- Opening Delimiter -
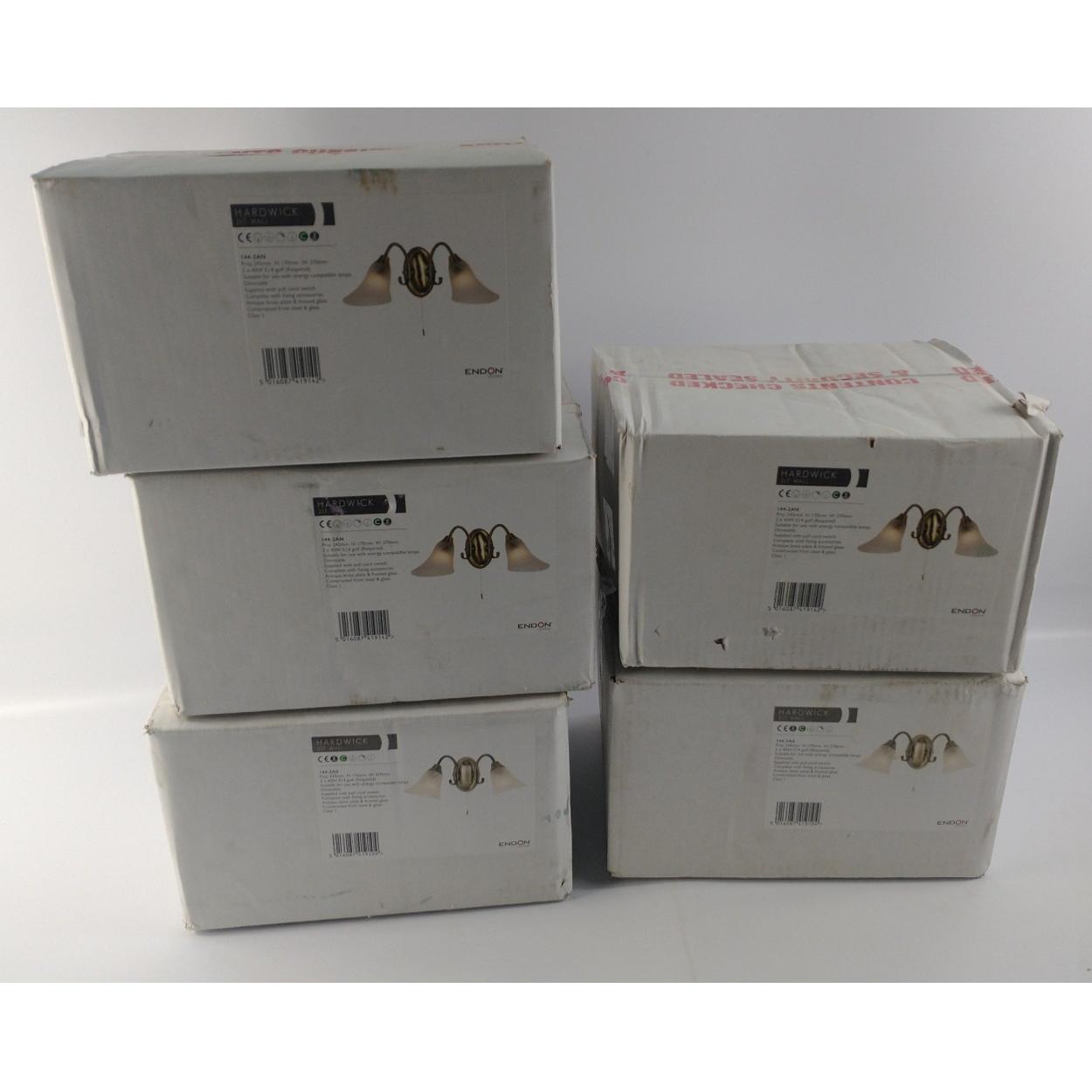 Five unused boxed HARDWICK wall lights antique brass plates and frosted glass shades, model 144-2AN suitable for 2 x 40W bulbs (24x17x37cm)
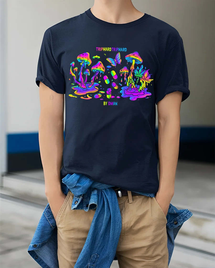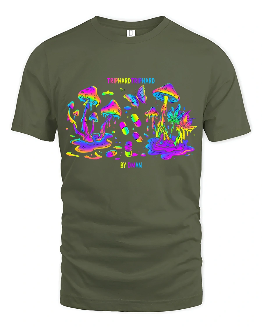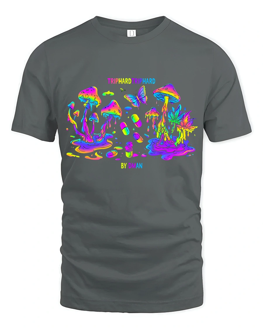 Trip Hard Psychedelic Mushroom Neon Graphic T Shirt explodes with vibrant color and surreal creativity. Featuring melting neon mushrooms, glowing capsules, and bold psychedelic details, this eye catching artwork captures the energy of festival culture and expressive street style. The dynamic design and bright color palette create a powerful visual that instantly stands out in any crowd.
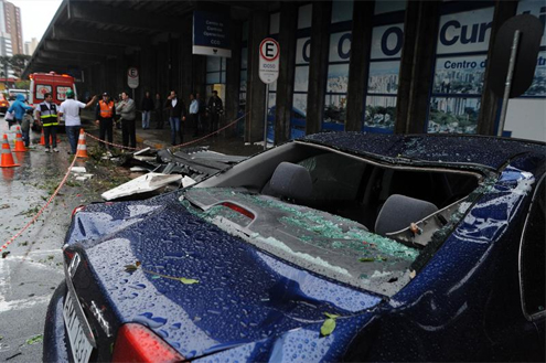 O temporal provocou o destelhamento do prédio da Urbs, com o deslocamento de peças de cobertura que caíram sobre dois carros – um deles da Secretaria Municipal de Trânsito – e provocaram a queda da cobertura da ala onde funciona a Serra Verde Express. Funcionários, voluntários e equipes da defesa civil e corpo de bombeiros entraram imediatamente em ação. A Defesa Civil isolou a área em frente à Serra Verde e determinou a saída de funcionários e clientes do prédio.
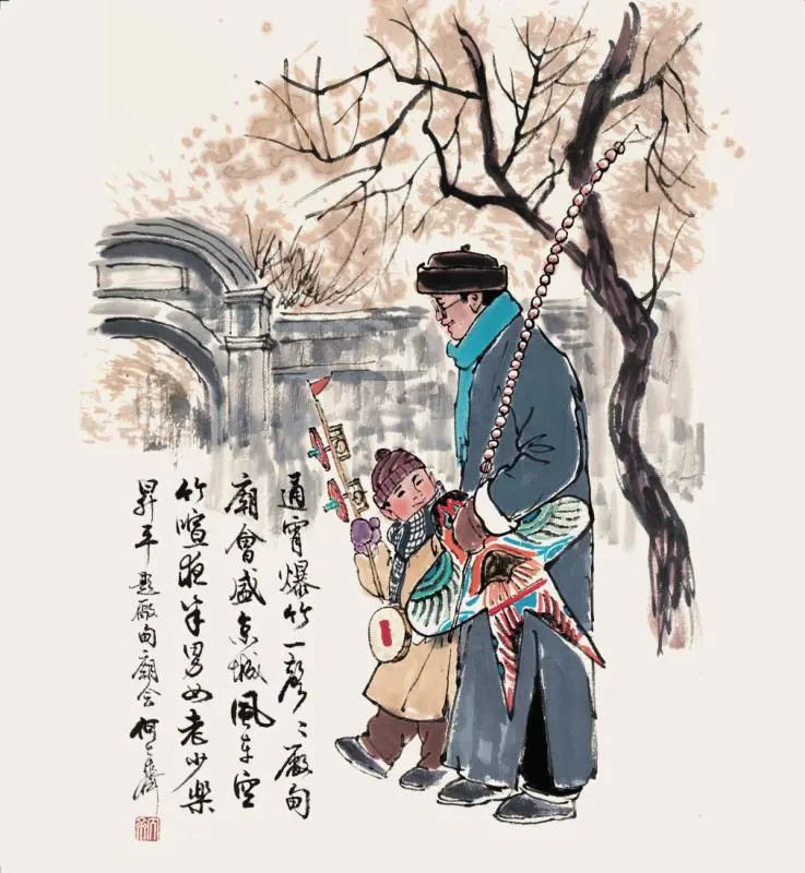 那次过后,我就知道怎样从家里去厂甸了,后来每年过年时我都要和同学或玩伴儿一起去逛厂甸。记得最清的是我小学三年级时,和同学小弟一起去了一次厂甸。起因是姥爷在年前给了我5元压岁钱,在当时,5元钱可是一笔巨款呀!于是过年时我就感到自己腰粗胆壮得很。在热闹的庙会上,我买了一张非常喜欢的年画。年画上岳飞骑在马上,马前张保、马后王横各拿兵器,护卫于岳飞前后。年画属于工笔画风格,人物逼真,造型威武,颜色鲜艳。回到家来,年画被我挂在屋中的北墙上,每天看着,心里很是得意。我从小就喜欢画画,尤其喜欢画小人书上的英雄人物。今天看来,我从那么小就开始喜欢文化了,这也算是有点天赋吧。
- Closing Delimiter -
* **Exercise description**
Please transcribe the lines from the one containing "Trip Hard Psychedelic" to the last line of the listing, both included, exactly and with nothing added, leaving every picture out.

* **Output**
 Trip Hard Psychedelic Mushroom Neon Graphic T Shirt explodes with vibrant color and surreal creativity. Featuring melting neon mushrooms, glowing capsules, and bold psychedelic details, this eye catching artwork captures the energy of festival culture and expressive street style. The dynamic design and bright color palette create a powerful visual that instantly stands out in any crowd.
 O temporal provocou o destelhamento do prédio da Urbs, com o deslocamento de peças de cobertura que caíram sobre dois carros – um deles da Secretaria Municipal de Trânsito – e provocaram a queda da cobertura da ala onde funciona a Serra Verde Express. Funcionários, voluntários e equipes da defesa civil e corpo de bombeiros entraram imediatamente em ação. A Defesa Civil isolou a área em frente à Serra Verde e determinou a saída de funcionários e clientes do prédio.
 那次过后,我就知道怎样从家里去厂甸了,后来每年过年时我都要和同学或玩伴儿一起去逛厂甸。记得最清的是我小学三年级时,和同学小弟一起去了一次厂甸。起因是姥爷在年前给了我5元压岁钱,在当时,5元钱可是一笔巨款呀!于是过年时我就感到自己腰粗胆壮得很。在热闹的庙会上,我买了一张非常喜欢的年画。年画上岳飞骑在马上,马前张保、马后王横各拿兵器,护卫于岳飞前后。年画属于工笔画风格,人物逼真,造型威武,颜色鲜艳。回到家来,年画被我挂在屋中的北墙上,每天看着,心里很是得意。我从小就喜欢画画,尤其喜欢画小人书上的英雄人物。今天看来,我从那么小就开始喜欢文化了,这也算是有点天赋吧。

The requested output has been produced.